- Ljubljana in Slovenia was the first European city to commit to a zero-waste goal. According to our guide Ivana, “Ljubljana has transformed itself into a remarkably green and sustainability-oriented city. We have more than 500 m2 of green surfaces per capita. Almost half of the municipality is covered in a forest and 20% is under some sort of protection status.”
Since 2008, the city center has been a traffic-free pedestrian zone that is also bike-friendly. “The removal of parked cars from these areas allowed local businesses, such as shops and restaurants, to flourish and spill onto the streets as well, which gives Ljubljana the charming laid-back vibe which visitors love so much. The riverbanks of Ljubljanica River thus became important centers of life”. Along with uncountable sustainable actions, Ljubljana is a member of Ellen MacArthur’s Foundation for circular economy and supports all sorts of projects that focus on reusing and repurposing materials, which would otherwise go to waste.

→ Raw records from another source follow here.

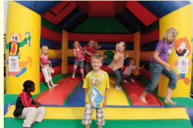
Met een springkussen was er voor de kinderen ook veel speelplezier.

In november 2007 startte de bouw van deze 76 eengezinswoningen. Er zijn verschillende types gebouwd. Tijdens de bouw is extra aandacht besteed aan de duurzaamheid. Alle woningen hebben al energielabel A, maar er zijn nog extra duurzame maatregelen genomen. Zo is er extra isolatie gebruikt en door middel van vraaggestuurde venti-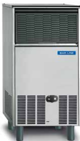
B 7540 AS/WS

La rinnovata gamma di produttori di ghiaccio in cubetti BAR-LINE produce cubetti di forma tronco-conica ad alta efficienza: definiti, limpidi, igienici e robusti per conferire ad ogni bevanda un naturale senso di freschezza.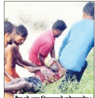
डैम से शव निकालते गोताखोर ।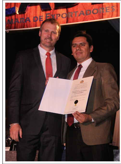
BRIGADA PARLAMENTARIA DE COCHABAMBA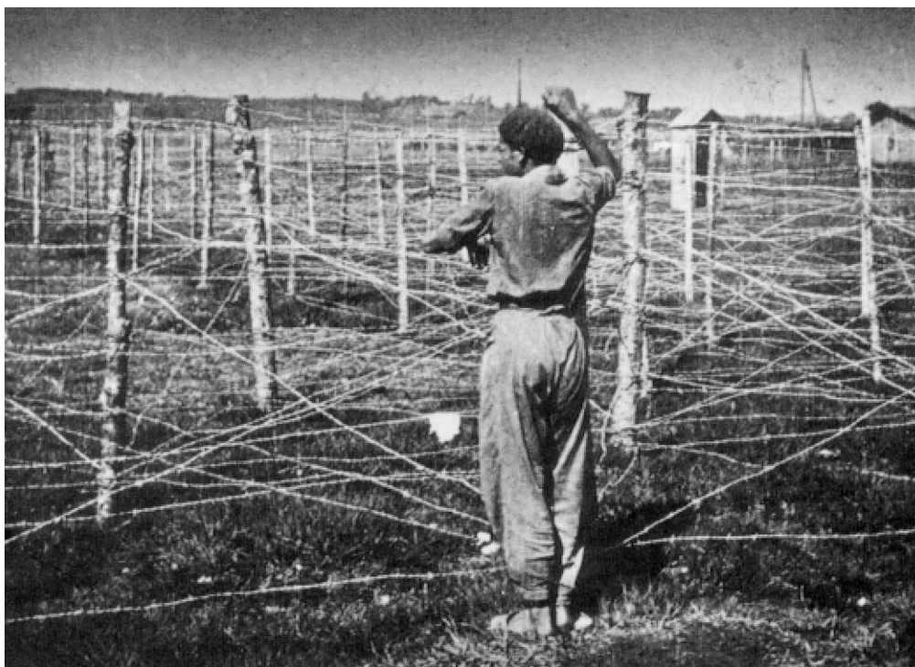
Dos imágenes del campo de concentración de Gurs, en Bèarn, adonde irían a parar miles de refugiados republicanos, entre ellos muchos vascos.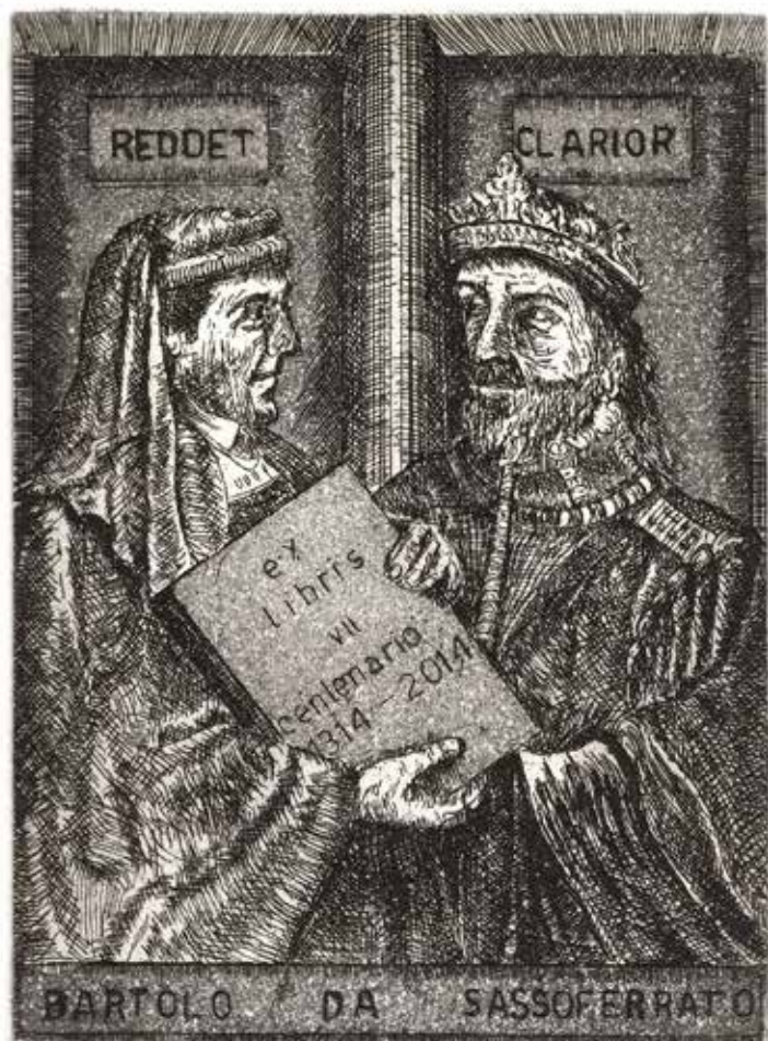
Renato Coccia, Incontro con l'imperatore Carlo (opus 325/maggio 2013) Tecnica mista su lastra di rame Parte incisa: 130x47 mm

2. Copenhagen definitely puts sustainability at the forefront. Since 1995, Copenhagen has reduced carbon emissions by 50% and it has been recognized as the world’s greenest city many times. Bente, our guide in Copenhagen, mentions that “the goal is that the city becomes the world’s first carbon dioxide neutral capital by 2025. I guess the outside world has noticed and thinks of Copenhagen as sustainable”. She highlights that many people around the world connect Copenhagen with the bicycle culture: “the bicycles are very visible everywhere in the city – on average every Copenhagener owns more than one bicycle”. Also, Bente comments on Copenhagen’s new district Nordhavn where “sustainability is a cornerstone of urban planning. That makes the district very interesting to visitors who are keen to learn about the sustainable Danish way”.
3. Vienna has been awarded one of the greenest major cities in the world for its high percentage of open spaces. Almost half of Vienna’s area is covered by green areas. According to our guide Lindsay in Vienna, “the green spaces of Vienna are everywhere. Millions of trees line our streets – if one is felled, it must be replaced by law”. Lindsay also emphasized that “the city is full of water fountains so you can refill your water bottles free of charge with our delicious mountain spring water; there are almost 1400 km/over 850 miles of cycle paths and bikes and electric scooters can be hired all over the centre”. Similarly, there are car sharing schemes and nearly 1,000 electric car charging points enabling the City of Vienna to achieve its target of cutting transport-related CO2 emissions to zero by 2050.
4. Stockholm is probably Sweden’s most famous eco-friendly city but Gothenburg isn’t far behind. Since 2016, the city has been ranked as a top sustainable destination with approximately 95% of all hotels certified as environmentally friendly. Sweden’s second-largest city runs 97% of its public transport on renewable energy. It has also been named a European Capital of Smart Tourism 2020. Besides, it’s Greta Thunberg’s Nordic homeland! ToursByLocals guide Inna highlights: “I absolutely agree that Gothenburg is one of the most sustainable destinations! Once travelers arrive in Gothenburg they are going to see a lot of nice green areas and parks. There is also clean water in the river and sea, and also drinkable from taps that are available. The harbor, which is one of the largest in Northern Europe, is using most of its energy from wind turbines. Many buses use locally produced gas or electricity. Garbage that is not possible to recycle is burned and the heat distribution in the city”.
5. Portland, Oregon is one of the highest ranked eco-friendly cities in North America. For decades, it has been known for its parks and world-class gardens. It is also one of the most bikeable and walkable cities in the USA, with over 620km of designated bike routes. ToursByLocals guide Marcus mentions that “when guests are exploring Portland, the visible evidence they will have of Portland’s commitment to environmentalism includes a plethora of parks and green spaces, a lack of containers littering the ground as a result of the first mandatory container deposit law in the U.S., abundant car-charging ports, many street trees that are over 100-years-old, urban swales, and rentable self-service bicycles and scooters available on the street.” Oregon’s biggest city is full of eco-conscious entrepreneurs so it’s definitely a city to go shopping and support local businesses. Also, it is known as the top one vegan cities in North America.
6. Zurich is considered one of the most livable and sustainable cities in the world. After 2008, when Zurich residents voted for a reduction of energy consumption by 2050 to 2,000 watts as well as to 1 ton of greenhouse gas emissions per person, there are major efforts to be climate-friendly, such as a sophisticated public transit system, green building requirements, good recycling opportunities, the switch to electric cars for postal vehicles and more. Like many citizens of Zurich, our guide Véronique thinks there’s still much to be done, and preferably before 2050. What she loves most in the city is the water. There are two rivers and a lake, and the lake water, which is treated in a clever sustainable system, supplies over 1200 fountains as well as all the city’s pipes with the finest drinking water. When visiting Zurich, you will see a big variety of fountains, often surrounded by people drinking or filling their bottles.